BEGIN THE DATA

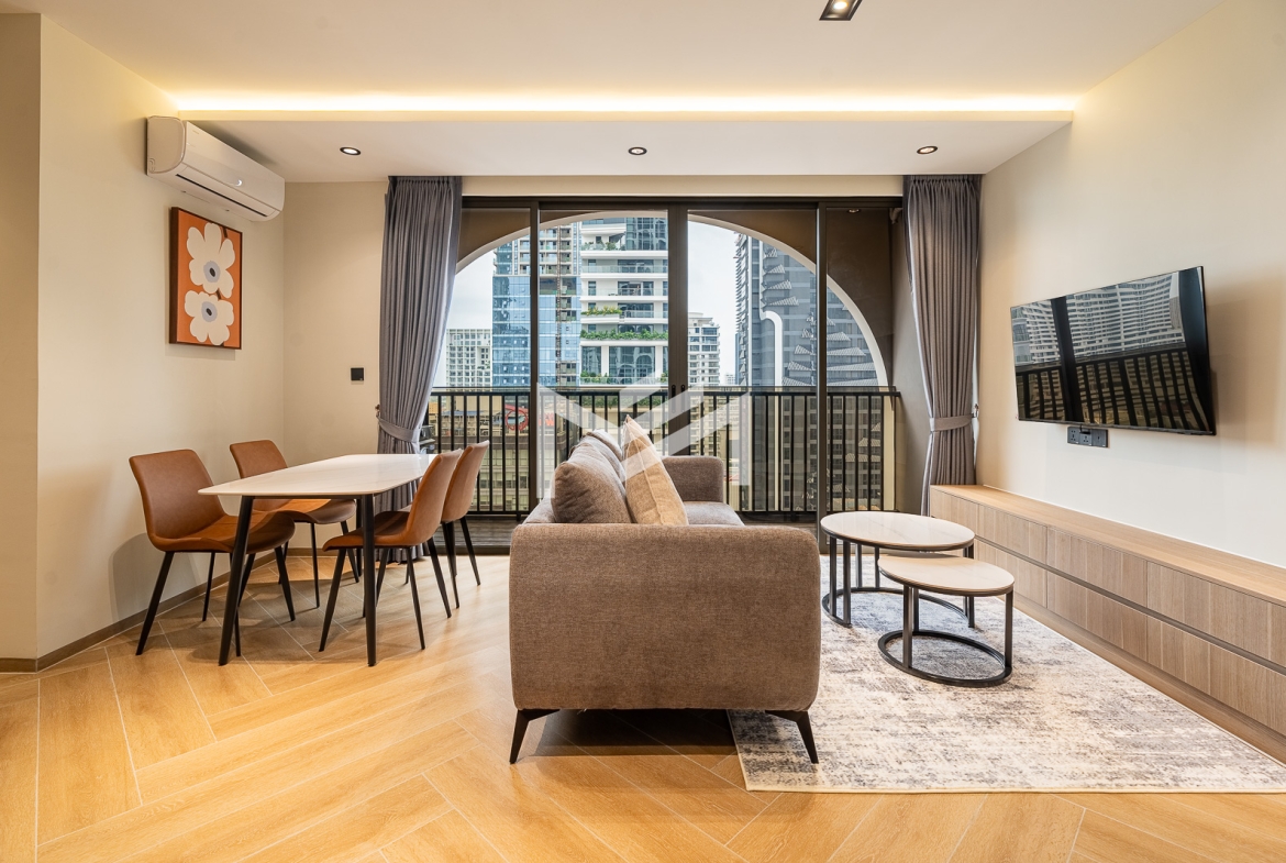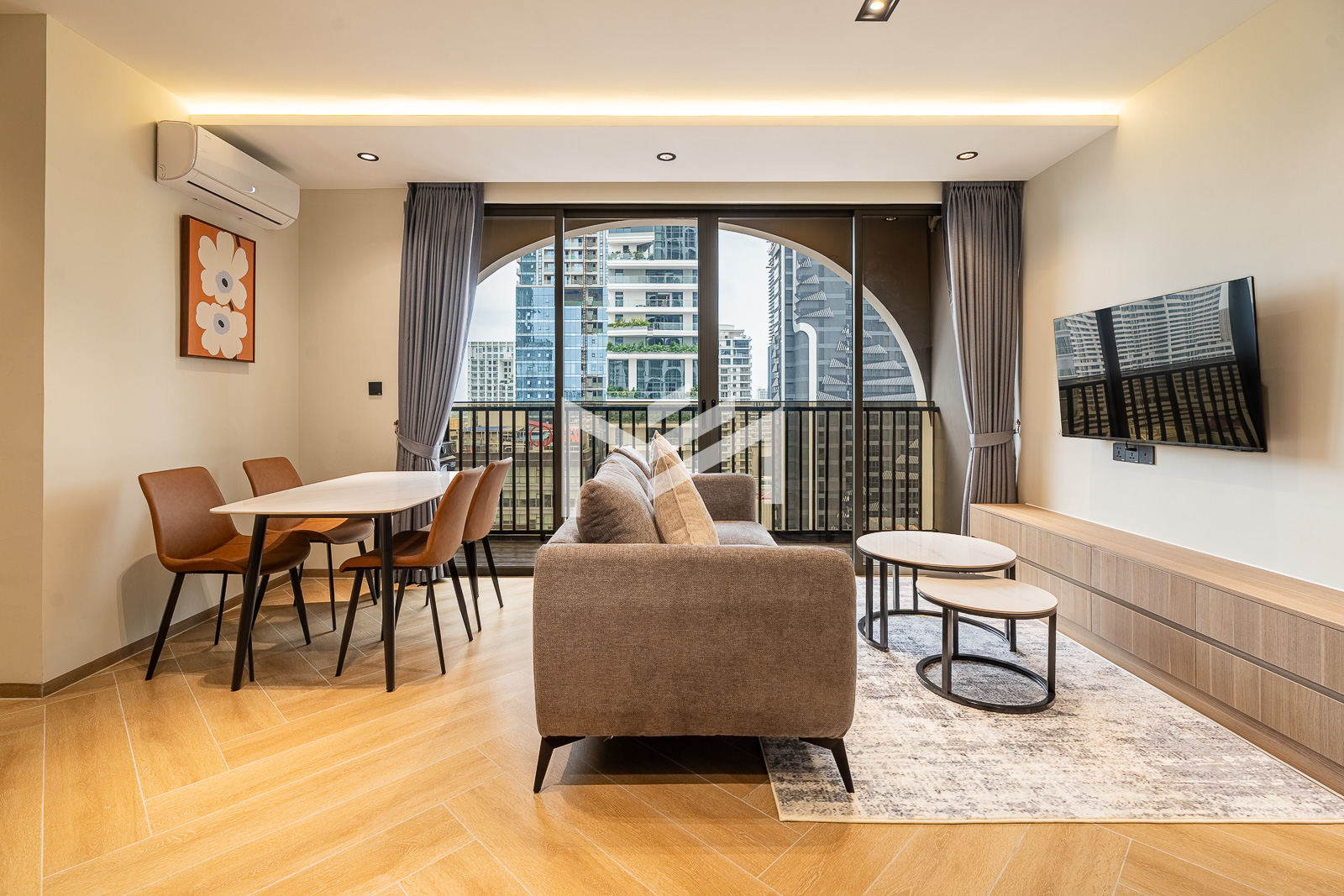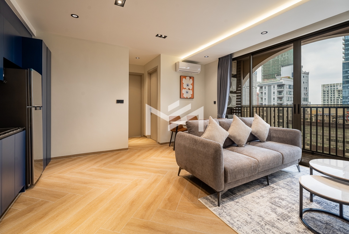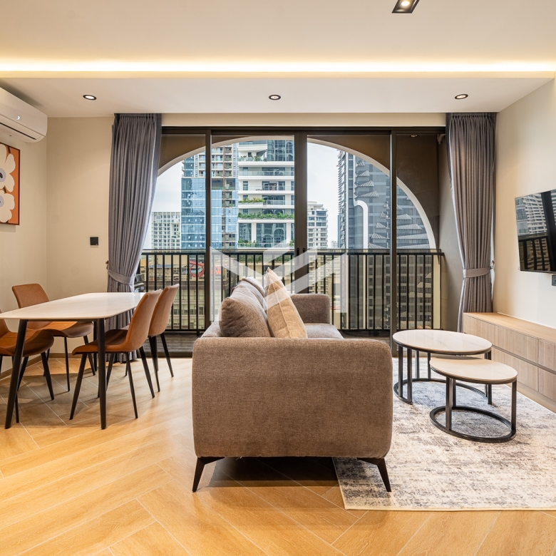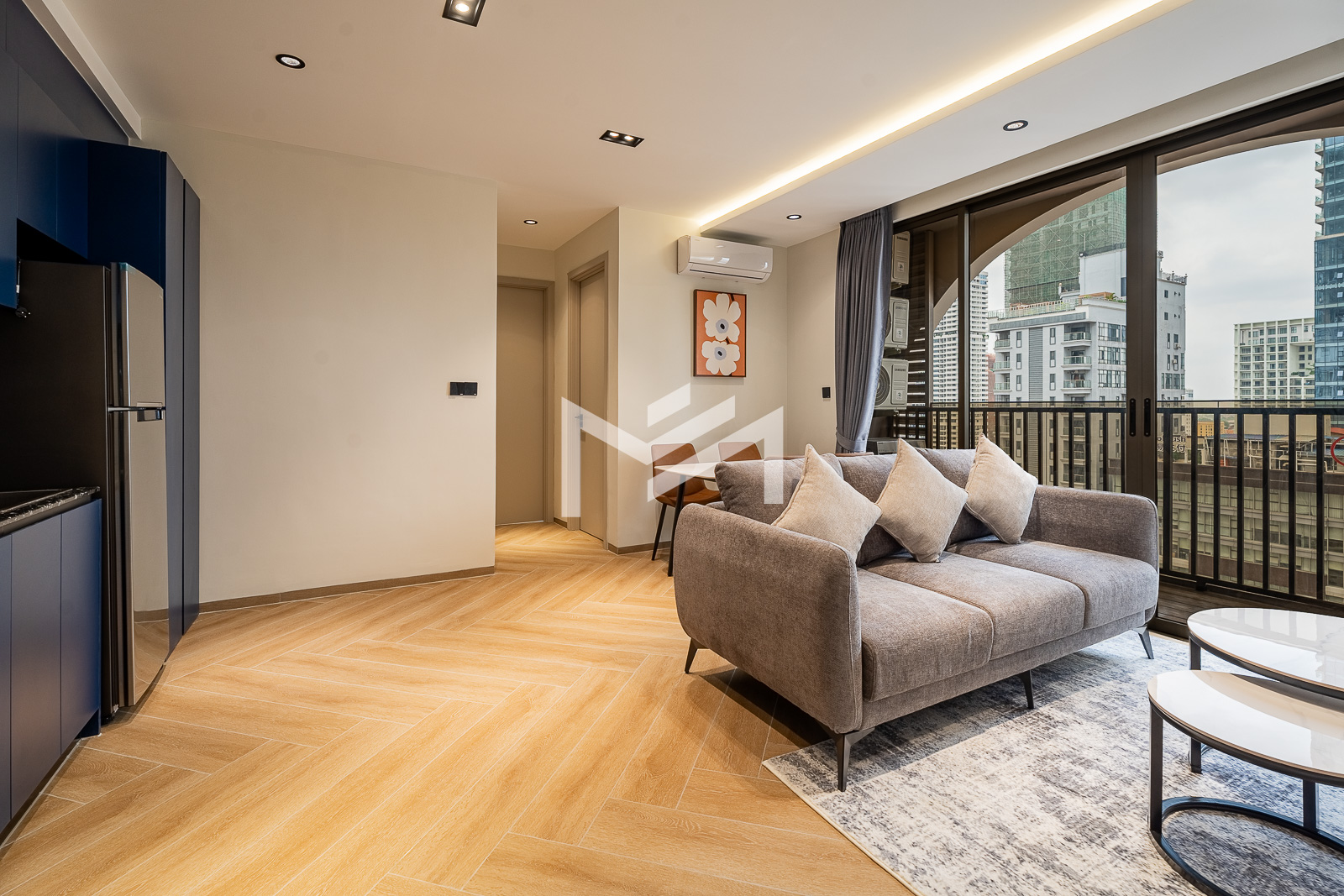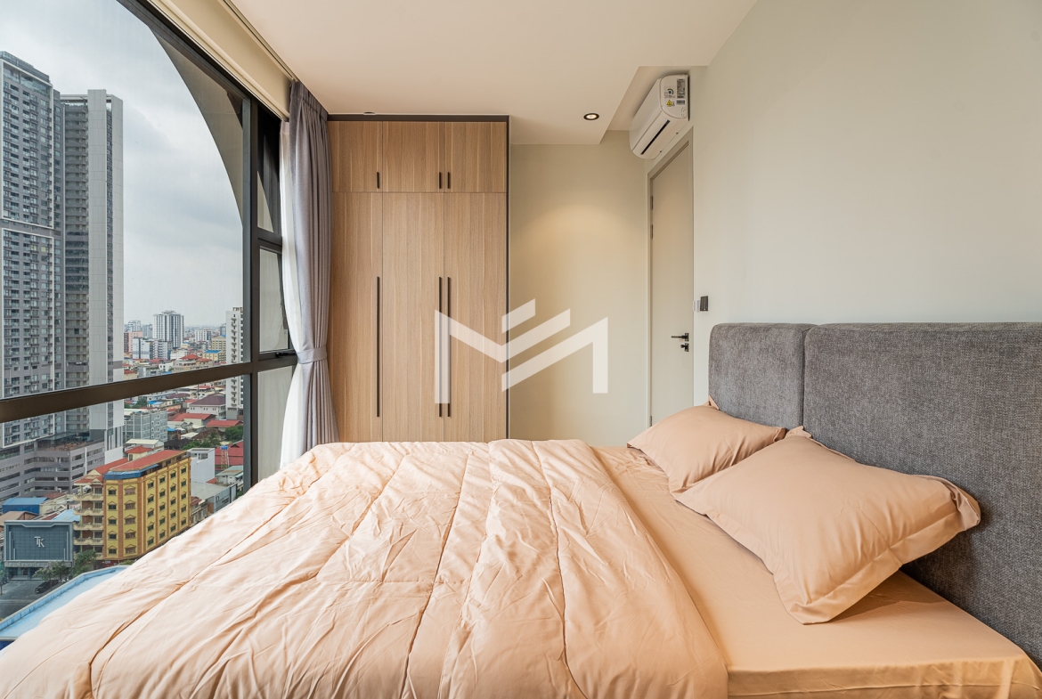 This corner unit is thoughtfully designed and furnished with brand-new furniture, creating a cozy and welcoming atmosphere. Ready to move in, the layout maximizes space and comfort while allowing plenty of natural light to flow throughout. With gentle morning sun and beautiful city views, the unit offers a bright and refreshing living environment, making it an excellent choice for living. Residents benefit from premium facilities including a welcoming lobby with front desk support, a ground-floor café, rooftop swimming pool, gym, sky bar, and a children’s playground. Ideally located in the heart of BKK1, one of Phnom Penh’s most sought-after expat neighborhoods, the property is surrounded by cafés, restaurants, supermarkets, and daily conveniences all within walking distance.
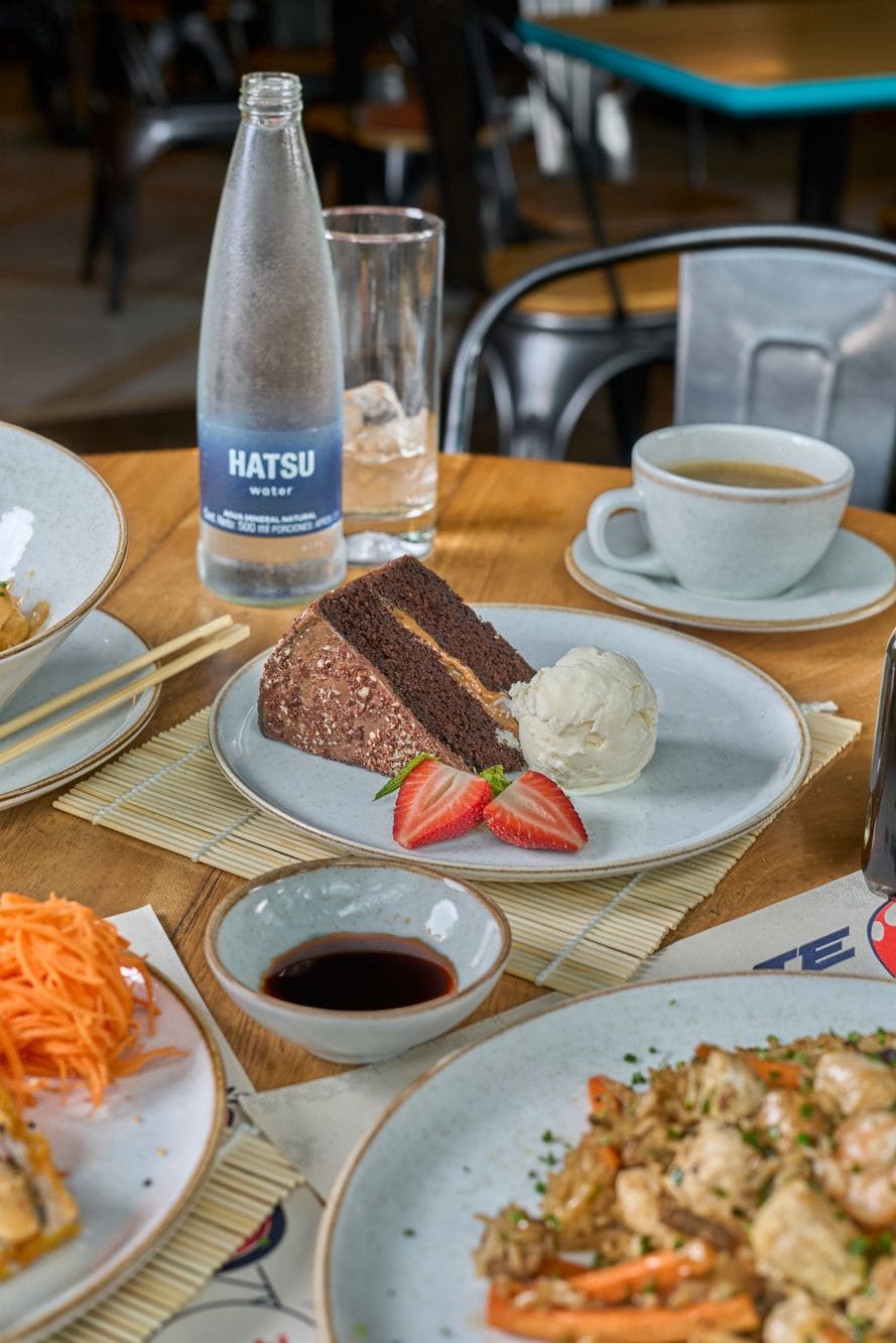 - Veggie roll: Roll relleno de aguacate, zanahoria y pepino; con tope de plátano maduro y puerro caramelizado.
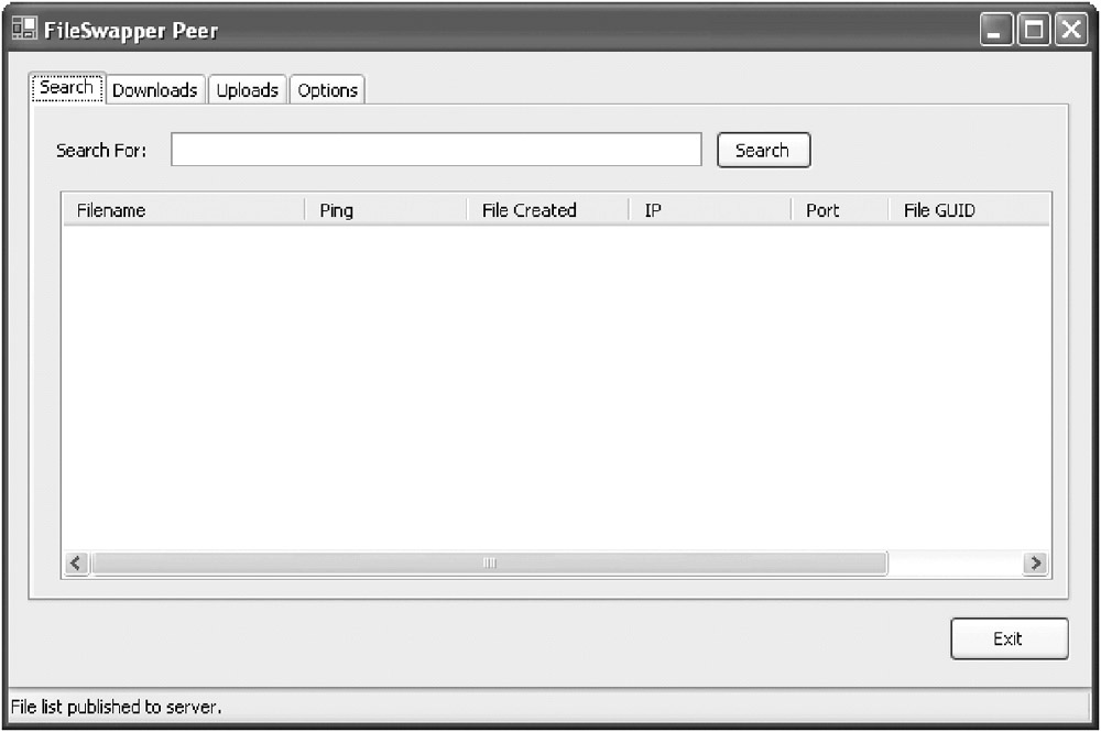 The FileSwapper application is built around a single form (see Figure 9-1). This form uses multiple tables and allows users to initiate searches, configure settings, and monitor uploads and downloads.
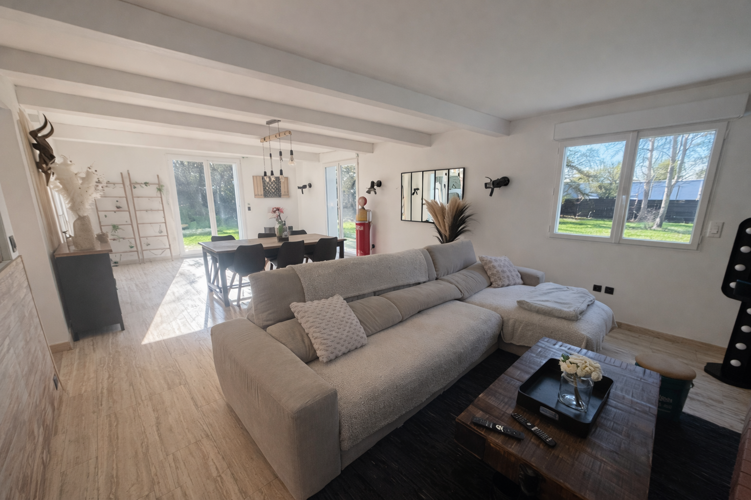L'agence Immoplus propose aux amateurs de grands espaces ce pavillon individuel d'environ 200m2 habitable construit sur sous-sol complet offrant hall d'entrée, séjour salon d'environ 55m2, cuisine ouverte, cinq chambres dont une au rez-de-chaussée, un bureau, deux salles de bains.

END THE DATA

◆ YOUR OBJECTIVE ◆
Replicate the material above verbatim; images stay out of the copy.

◆ TASK OUTPUT ◆
 This corner unit is thoughtfully designed and furnished with brand-new furniture, creating a cozy and welcoming atmosphere. Ready to move in, the layout maximizes space and comfort while allowing plenty of natural light to flow throughout. With gentle morning sun and beautiful city views, the unit offers a bright and refreshing living environment, making it an excellent choice for living. Residents benefit from premium facilities including a welcoming lobby with front desk support, a ground-floor café, rooftop swimming pool, gym, sky bar, and a children’s playground. Ideally located in the heart of BKK1, one of Phnom Penh’s most sought-after expat neighborhoods, the property is surrounded by cafés, restaurants, supermarkets, and daily conveniences all within walking distance.
 - Veggie roll: Roll relleno de aguacate, zanahoria y pepino; con tope de plátano maduro y puerro caramelizado.
 The FileSwapper application is built around a single form (see Figure 9-1). This form uses multiple tables and allows users to initiate searches, configure settings, and monitor uploads and downloads.
L'agence Immoplus propose aux amateurs de grands espaces ce pavillon individuel d'environ 200m2 habitable construit sur sous-sol complet offrant hall d'entrée, séjour salon d'environ 55m2, cuisine ouverte, cinq chambres dont une au rez-de-chaussée, un bureau, deux salles de bains.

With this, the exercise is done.